Self-consumption: when it helps and when it doesn’t

In citrus, photovoltaic self-consumption can make sense, but only when it is integrated with the real consumption curve. Many plants have significant daytime consumption, especially when activity is intense. But the mistake is to treat it as “the solution” without first doing the efficiency work.

My approach is always the same: first reduce what doesn’t add value, stabilize the process, and correct inefficiencies; then size generation. Because a more efficient plant needs less energy to produce the same output, and that completely changes the optimal sizing of self-consumption.

 

FEADER: why it makes sense to work on these investments before the call is published

Even if FEADER has not yet been published, smart work starts earlier. A strong fruit-and-vegetable energy-efficiency project is not built in a week. It is built by identifying where consumption is, where waste is, which actions make sense, and how they will be measured.

At AGB Ingeniers we support companies to do exactly that: turn an investment need into a defensible project, with shop-floor logic and technical coherence. In citrus, where competitiveness is decided by stability, quality, and costs, energy efficiency is not a “nice-to-have.” It is a strategic lever.

If your fruit and vegetable packinghouse in the Valencian Community is considering improvements in industrial refrigeration, compressed air, motors, control, or monitoring, this is a good time to organize it calmly.
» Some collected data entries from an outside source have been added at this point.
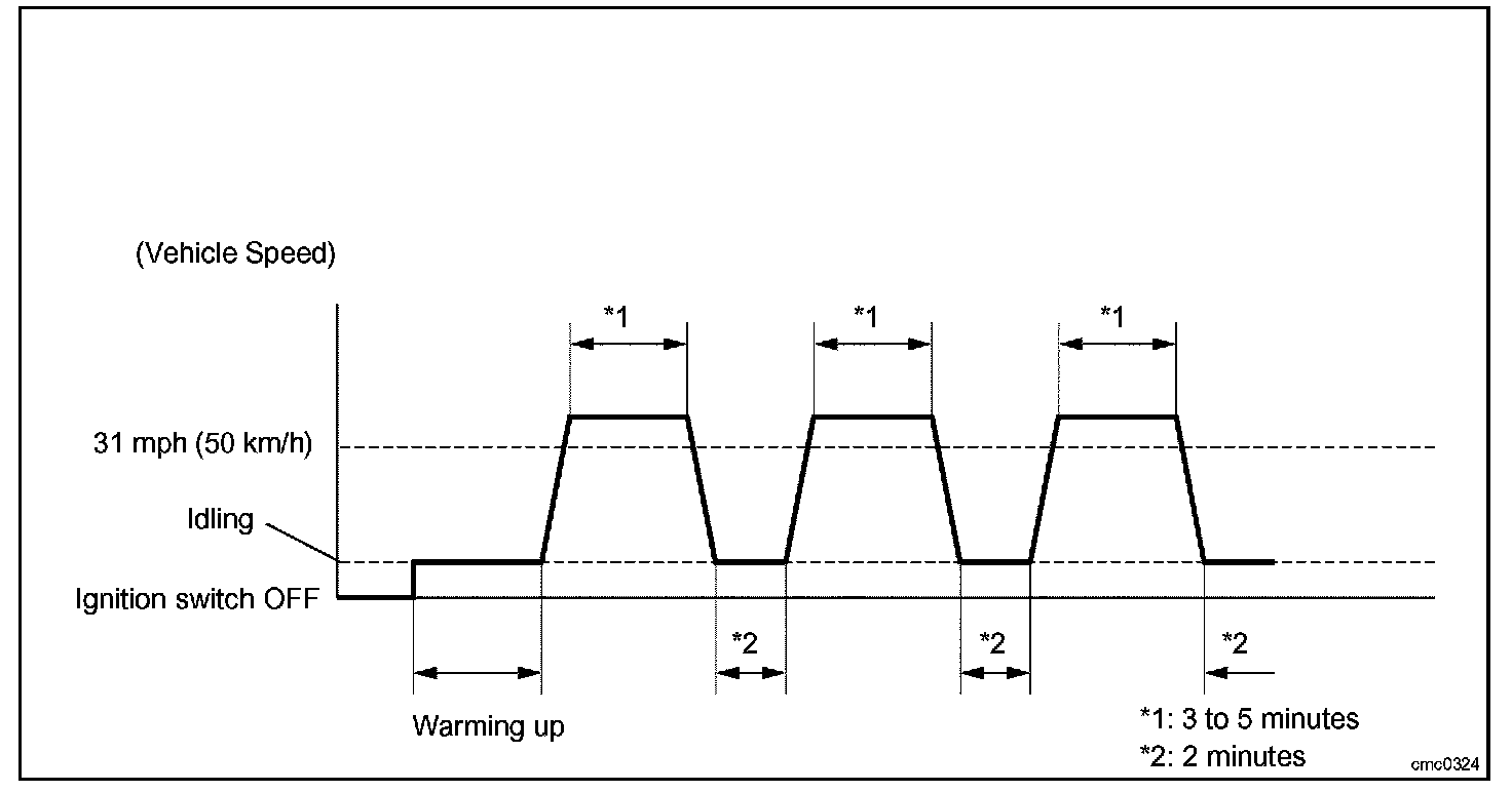 6 Drive the vehicle at 31 mph (50 km/h) or more for 3 to 5 minutes. *1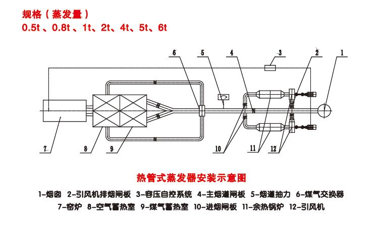 工作原理熱管式蒸發器主要是由汽包、熱管和煙箱組成。該設備主要安裝在熱室后的煙道上,運行時窯爐產生的廢煙氣從設備煙箱中通過,煙箱中的熱吸收煙中的余熱傳導給汽包中的水,使水受熱汽化,產生飽和蒸氣供生產和生活使用,從而替代了原有的蒸汽鍋爐,達到節能降耗的作用。
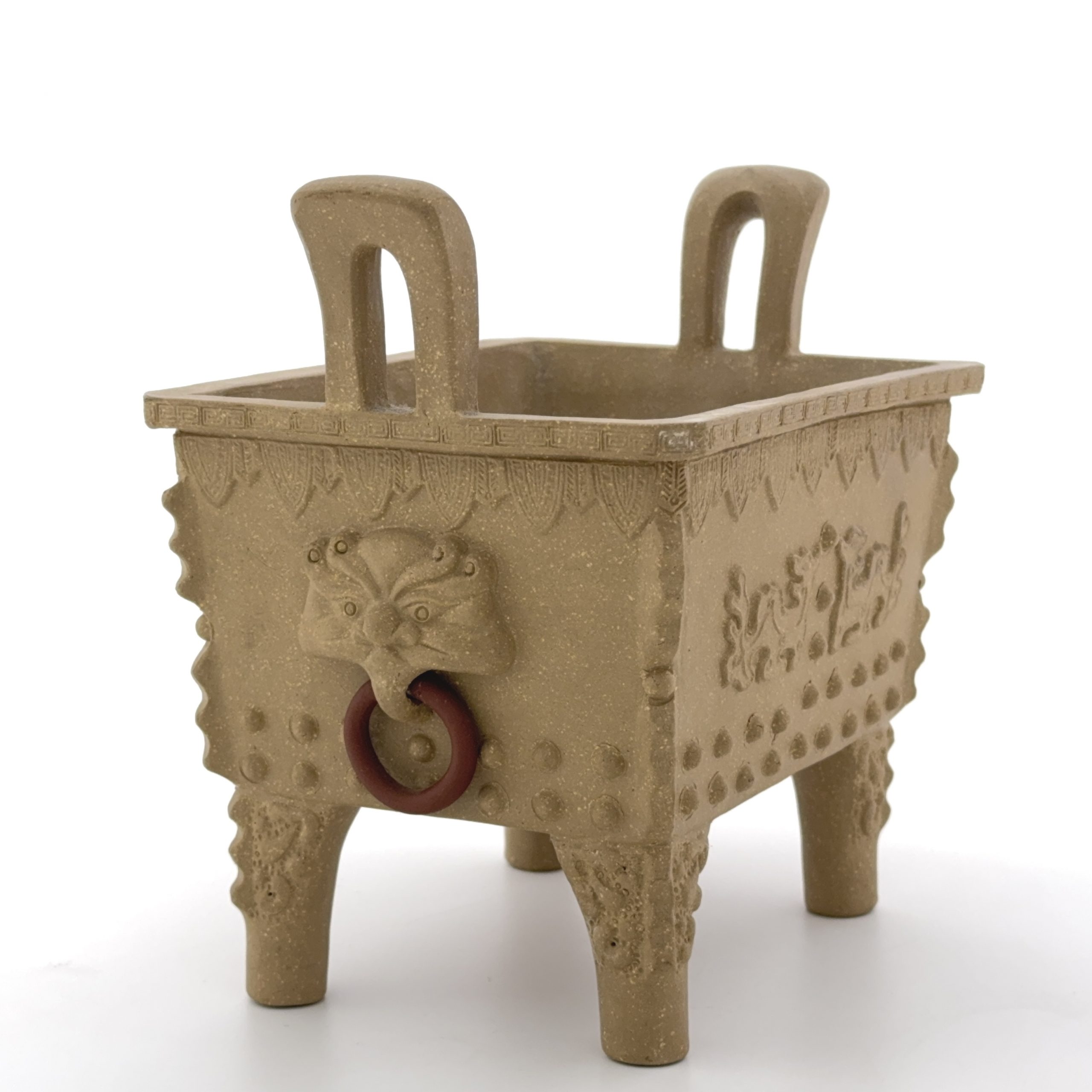 「大清乾隆年製」款 白泥 獣耳長方爐

Because when the call arrives, the important thing won’t be to rush. The important thing will be to be prepared.

 

Frequently asked questions about FEADER and energy efficiency in citrus

Which energy-efficiency investments are usually most profitable in a citrus packinghouse?

They are usually those that target continuous consumption and process variability: optimization of industrial refrigeration (demand-based control, variable speed drives, setpoint adjustments, and thermal losses), reducing leaks and pressure in compressed air, adding high-efficiency motors and drives on lines, and energy monitoring to detect deviations. These are actions that reduce kWh without compromising quality or the pace of the season.
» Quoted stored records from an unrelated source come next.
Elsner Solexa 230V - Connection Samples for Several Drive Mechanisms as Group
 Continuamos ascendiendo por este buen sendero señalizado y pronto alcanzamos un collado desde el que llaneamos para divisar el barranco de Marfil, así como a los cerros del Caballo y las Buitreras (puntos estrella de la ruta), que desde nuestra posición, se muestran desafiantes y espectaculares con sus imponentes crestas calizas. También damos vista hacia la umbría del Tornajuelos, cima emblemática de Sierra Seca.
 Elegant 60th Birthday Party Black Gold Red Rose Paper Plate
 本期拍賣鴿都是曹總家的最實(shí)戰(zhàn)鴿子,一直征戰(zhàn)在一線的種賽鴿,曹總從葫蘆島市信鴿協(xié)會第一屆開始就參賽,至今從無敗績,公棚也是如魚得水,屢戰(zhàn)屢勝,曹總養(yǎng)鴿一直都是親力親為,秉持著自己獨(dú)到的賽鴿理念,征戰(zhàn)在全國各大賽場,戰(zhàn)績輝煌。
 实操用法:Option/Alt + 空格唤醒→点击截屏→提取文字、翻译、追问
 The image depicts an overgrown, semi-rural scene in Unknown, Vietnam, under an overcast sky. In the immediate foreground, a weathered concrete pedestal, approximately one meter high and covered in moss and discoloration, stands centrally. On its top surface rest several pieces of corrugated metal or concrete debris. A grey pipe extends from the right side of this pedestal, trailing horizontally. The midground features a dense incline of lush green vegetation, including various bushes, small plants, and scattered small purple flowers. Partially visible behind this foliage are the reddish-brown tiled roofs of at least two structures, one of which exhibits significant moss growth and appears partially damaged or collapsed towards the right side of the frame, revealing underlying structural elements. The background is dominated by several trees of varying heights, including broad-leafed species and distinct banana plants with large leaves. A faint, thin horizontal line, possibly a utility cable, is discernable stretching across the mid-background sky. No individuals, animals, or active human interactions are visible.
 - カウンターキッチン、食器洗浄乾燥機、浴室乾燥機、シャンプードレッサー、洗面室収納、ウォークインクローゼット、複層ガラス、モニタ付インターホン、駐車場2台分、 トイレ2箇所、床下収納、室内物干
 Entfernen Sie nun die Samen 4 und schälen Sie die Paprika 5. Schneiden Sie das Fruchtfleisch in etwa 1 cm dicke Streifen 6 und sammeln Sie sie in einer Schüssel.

Why is industrial refrigeration often the main energy consumer in fruit and vegetable operations?

Because it runs many hours and at high load during the season: cold rooms, tunnels, pre-cooling, ventilation, and defrost cycles are continuously active. In addition, small accumulated inefficiencies (doors, infiltrations, insulation, dirty evaporators, or poorly adjusted control) translate into constant consumption. In citrus, maintaining stable temperature is part of the product, and that makes refrigeration the plant’s “energy heart.”

How do you prove energy savings in a project (before and after)?

By comparing a baseline (previous consumption) with post-project consumption, normalizing by operating variables such as tons processed, operating hours, shifts, and seasonal conditions. The most robust way is to measure by panels/utilities or submetering by lines, and to complement it with production records and process parameters. Without before-and-after data, savings remain an estimate; with measurement, they become evidence.

Is it better to start with self-consumption or with efficiency?

In most cases it is best to prioritize efficiency first and self-consumption afterwards. Reducing losses in refrigeration, compressed air, and motors lowers structural consumption and allows self-consumption to be sized more precisely. Self-consumption helps when it matches the real daytime consumption curve, but if the plant carries inefficiencies, there is a risk of “generating to waste.”

When should you prepare the project if the call has not yet been published?

Now, before it is published. Preparing early makes it possible to define scope, gather coherent quotes, organize the technical side, and plan how savings will be measured. When the call becomes active, the company doesn’t improvise: it submits a solid, competitive project. With grants, the margin of success is usually in anticipation and in the quality of the file, not in rushing at the end.